Beyond preparing your home for your dog, you also want to prepare yourself. Having everything you may need to address an emergency (or maybe not-so-emergency) situations. Pick out a veterinarian and schedule a meet-and-greet visit shortly after you adopt. Locate an animal emergency clinic nearby so you don’t have to waste time looking up options if your dog needs immediate medical help.

Also invest in plenty of cleaning supplies that combat pet hair, dander, and drool. This includes having a quality vacuum cleaner. Keeping a pet-friendly model like the Dirt Devil Razor Pet in a common room gives you access to dirt-busting power anytime you see a tumbleweed of hair blow across your floor.

Adopt Don’t Shop

People might like to buy purebred dogs because they are predictable. But unless you plan to show or breed, there really isn’t a good reason to drop $500 to $3,000 minimum on a pet when there are hundreds of thousands of animals in shelters waiting for a person like you to take them home. If you buy a dog at a pet store, you are very likely supporting puppy mills, which typically raise dogs in horrible conditions. Sure, shelters have their fair share of problem pooches. However, if you work with an adoption specialist at your local shelter you can find a canine companion that fits perfectly into your home and lifestyle.

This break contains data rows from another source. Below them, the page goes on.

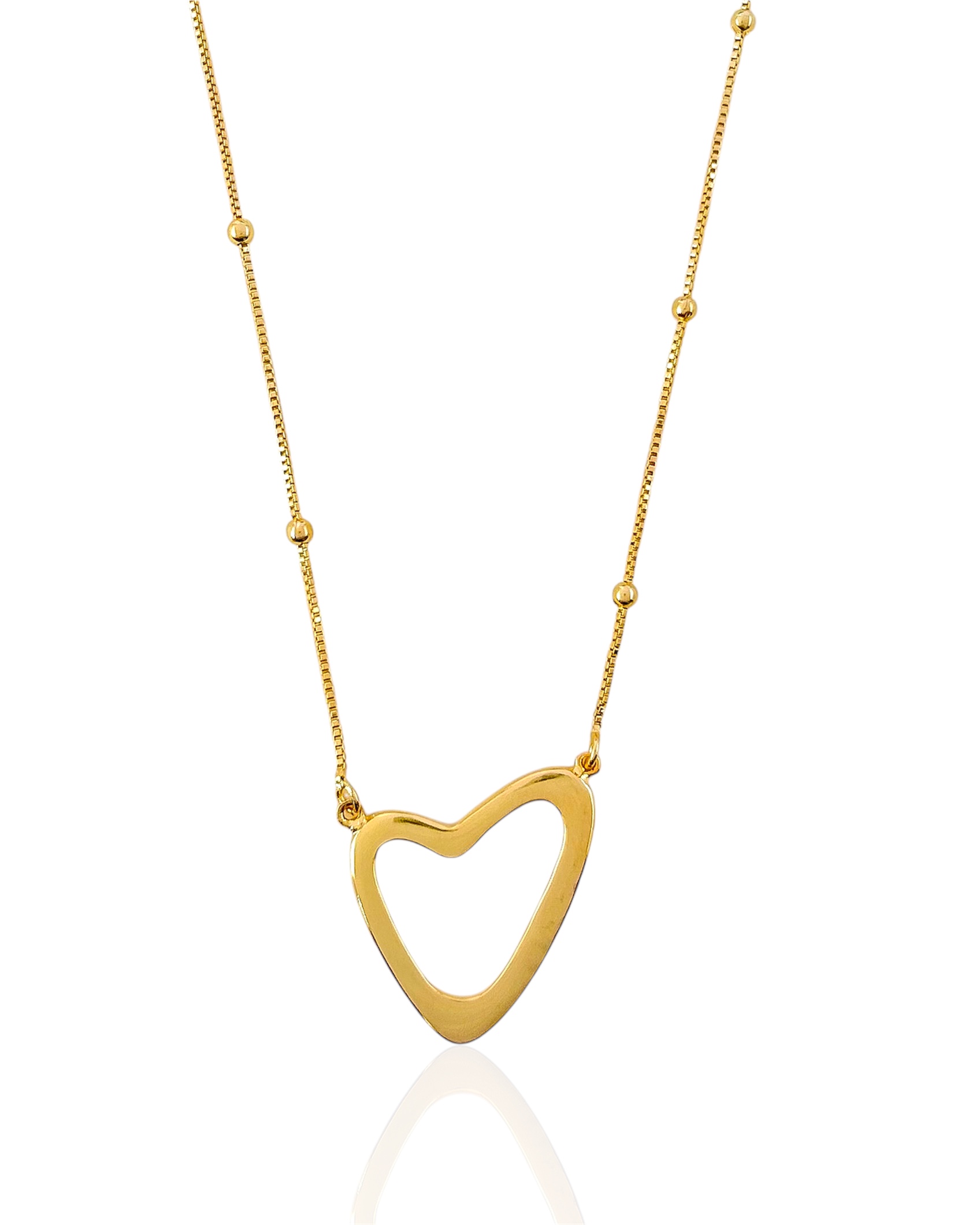 Colar Coração Torto Veneziana com Bolinhas 50cm + 5cm de Extensor - Banho de Ouro 18k
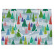 Saco de presente único com árvores retroradas de várias cores em colinas de neve com coelhos brancos. Os modernos assumem o estilo do século médio, perfeito para presentes de Natal ou outros presentes de inverno. Design original, copyright Jennifer Kistler 2021.
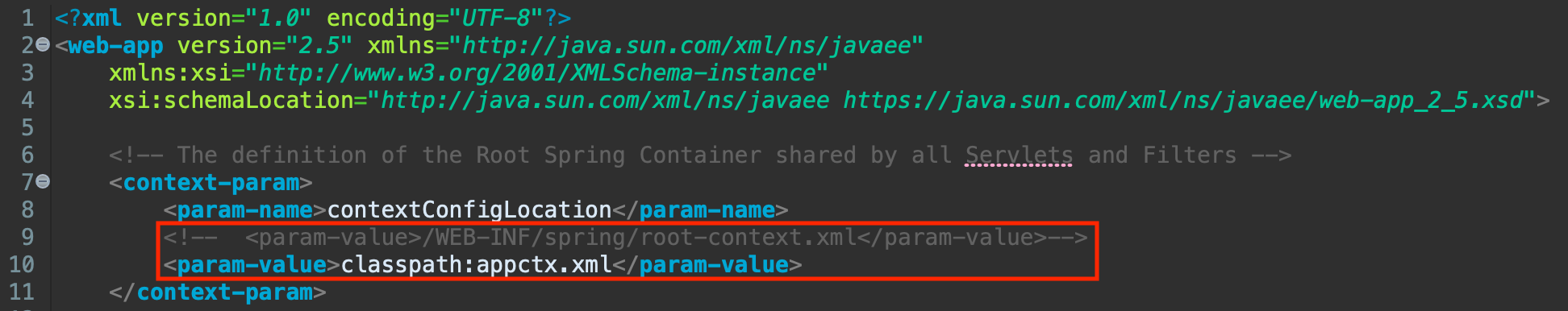 <param-value>classpath:appctx.xml</param-value> 로 변경해준다.
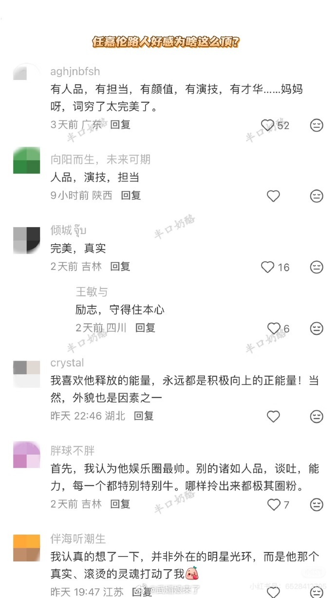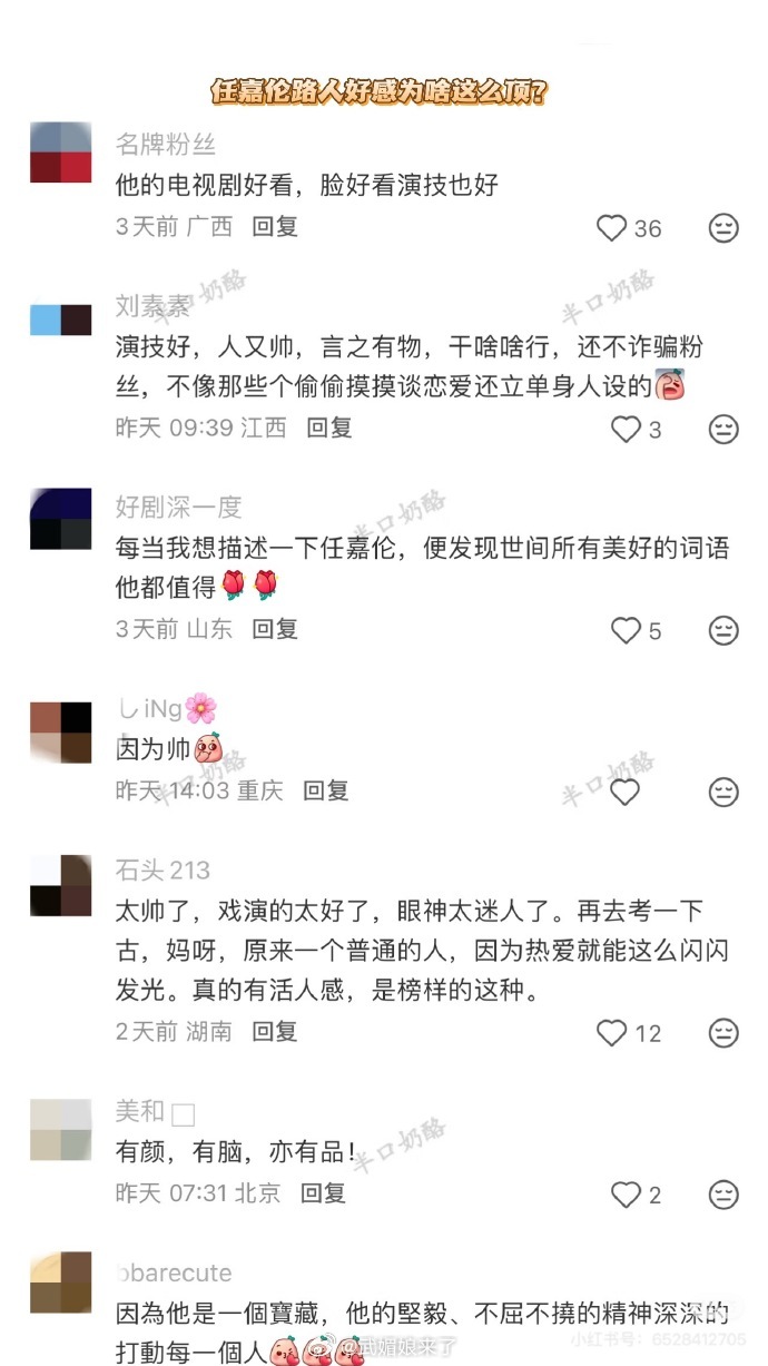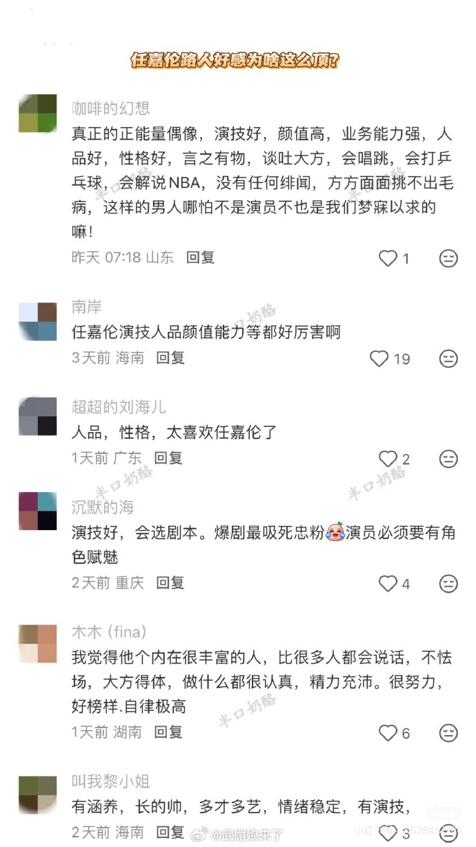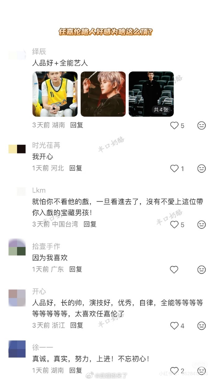任嘉伦这路人好感这么顶真不是没道理的——人品正,不立人设不作妖。业务能力更没话说,演技好,爆剧一部接一部,而且唱跳俱佳,打篮球、解说NBA都超夯的!
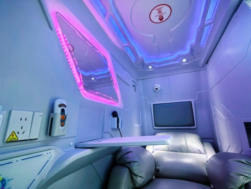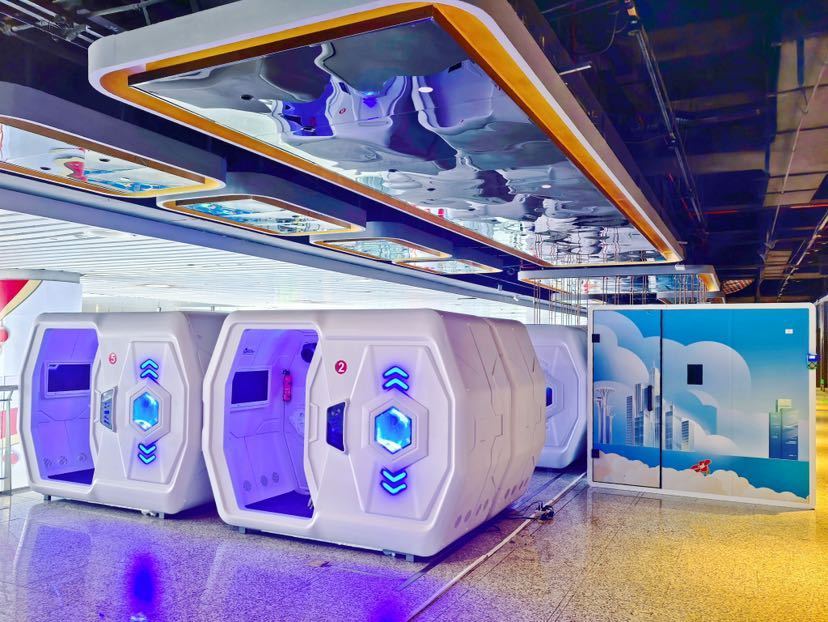设计上,白云机场创新性地将科技感与航空主题深度融合,每个休息舱采用模块化智能设计,旅客可自主调节灯光色温,从日出暖光到极夜冷光的切换能有效缓解时差带来的疲劳感,舱体选用隔音材料搭配隐私玻璃窗,关门后私密性拉满,即使身高1.8米的旅客也能舒适平躺。
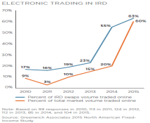The business of interest-rate swaps trading is rapidly moving to electronic platforms. Sixty percent of notional client swap trading volume in the U.S. this year is being executed electronically - up from just 20% in 2014.
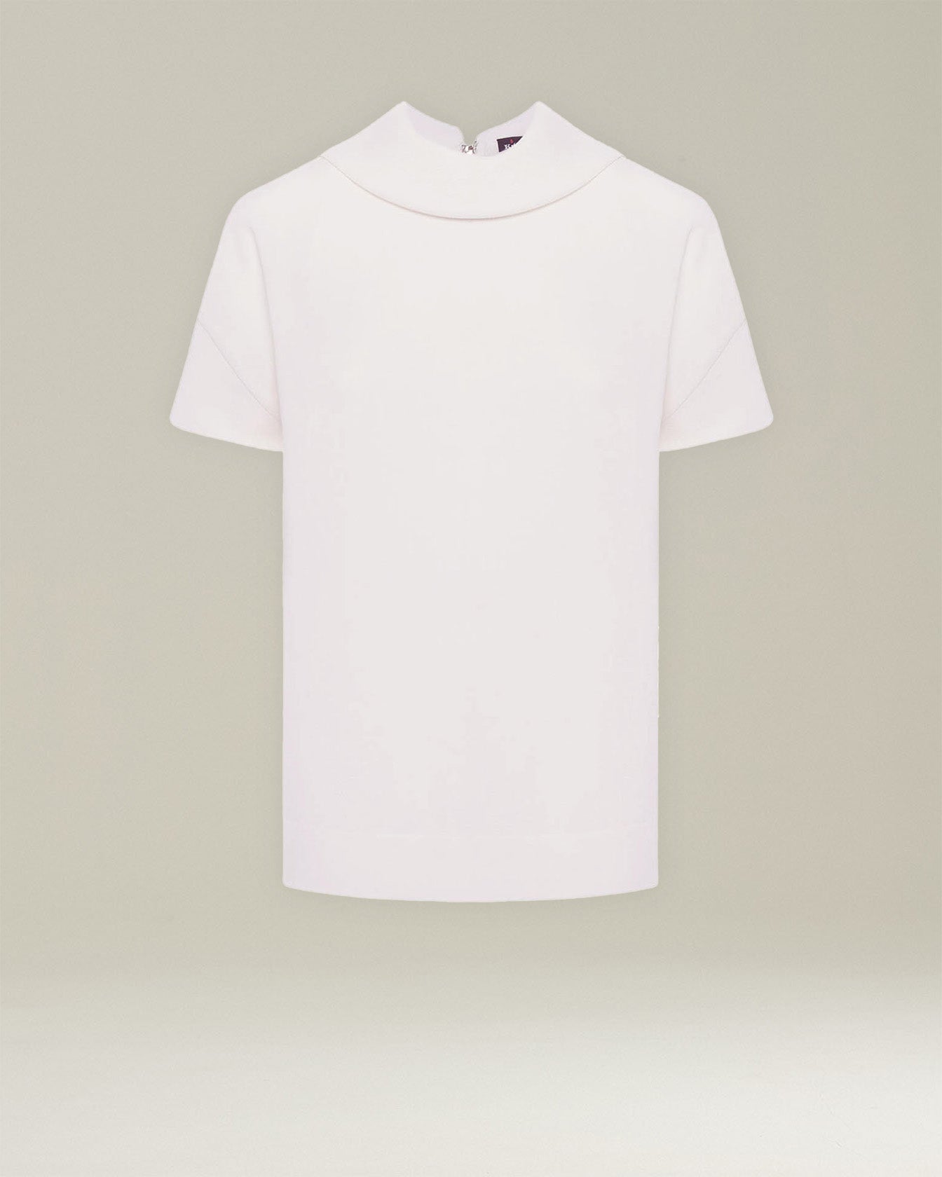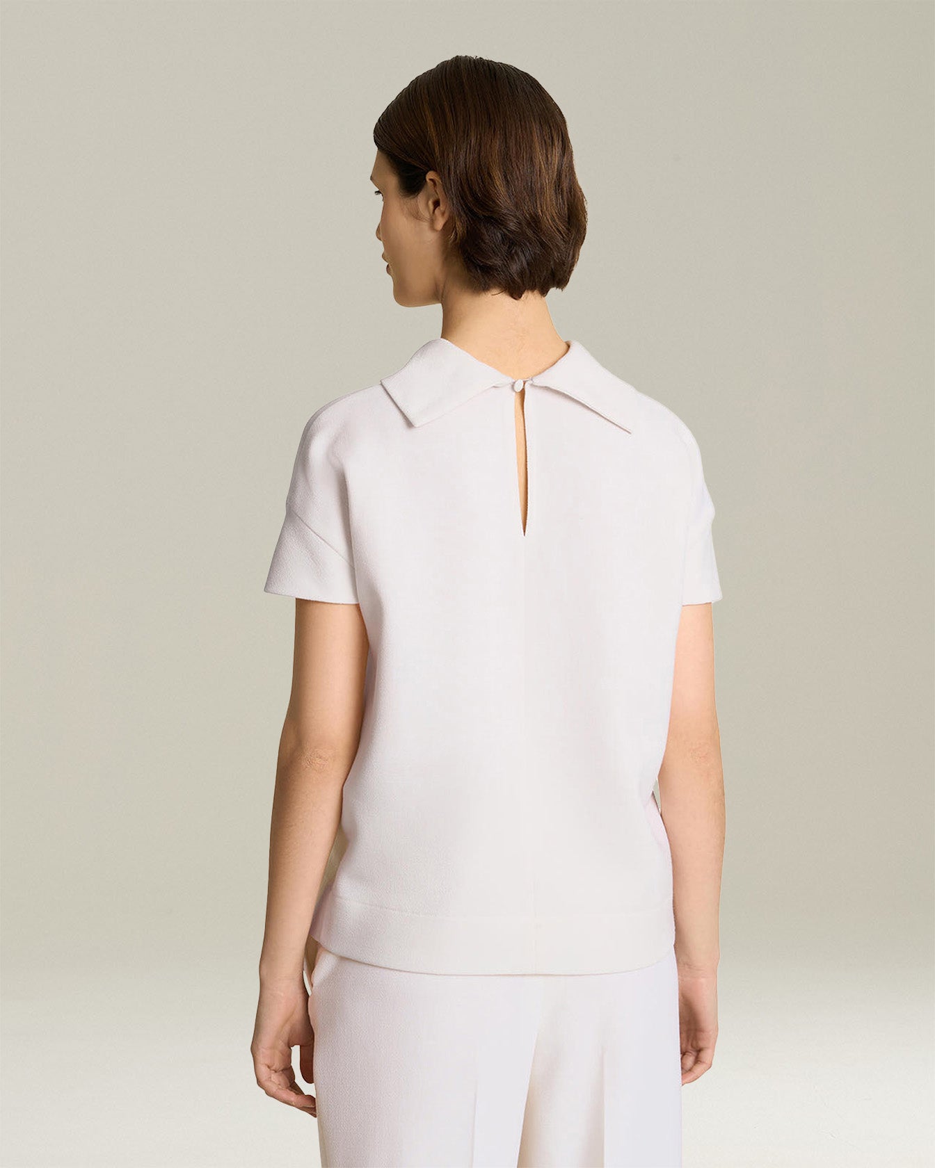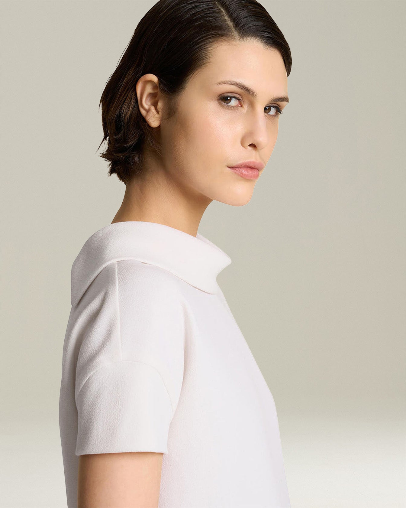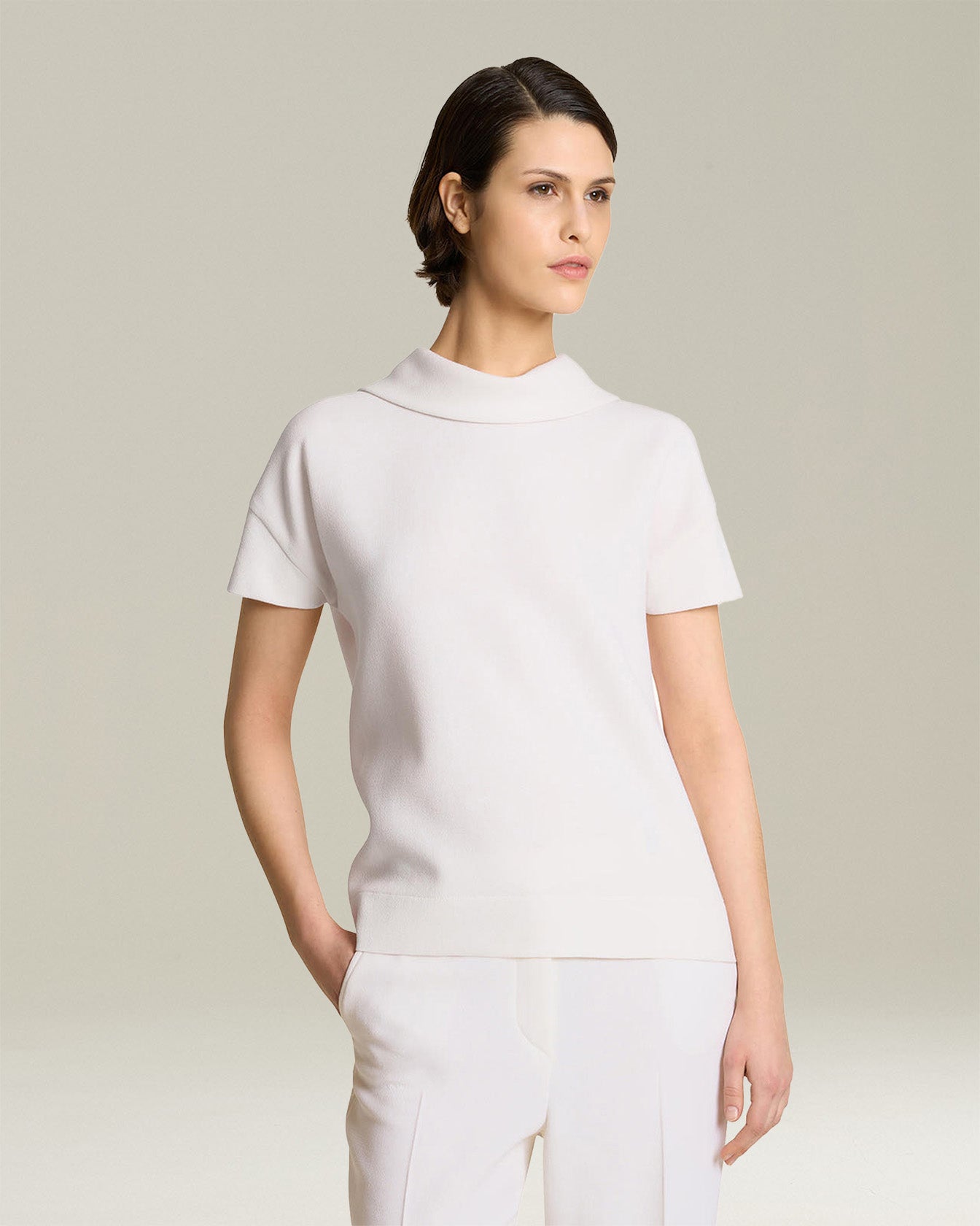 A supreme expression of elegance, the Kiton blouse gracefully blends sophisticated details and impeccable lines to delicately hug the feminine silhouette. This short-sleeved, half-necked blouse in fine wool has a soft, flowing texture that sits gracefully on the body and lends wearers an aura of sophisticated simplicity.

When you adopt a shelter animal:

  • Another spot at the shelter opens for another animal in need
  • You make the marketplace less profitable for puppy mills
  • Your new pup comes with some basic training via shelter employees
  • You save money on adoption fees, microchips, and initial vet costs
  • The money you give to the shelter goes back into a good cause
  • The dog you adopt is forever grateful for what you’ve done
  • You save a dog’s life

If you are interested in dog ownership, don’t go for purebred unless you are looking to show or breed. Instead, turn to your local shelter to find the perfect lifestyle companion while doing some good. You perfect dog is going to be the kind that reflects your likes and interests. For instance, active people should pick out a dog that can play for hours. When preparing the home for the dog’s arrival, make sure it’s ready by having all of the pup’s possessions out and ready to be used. Furthermore, prepare yourself with vet information and cleaning supplies that take care of all kinds of emergencies.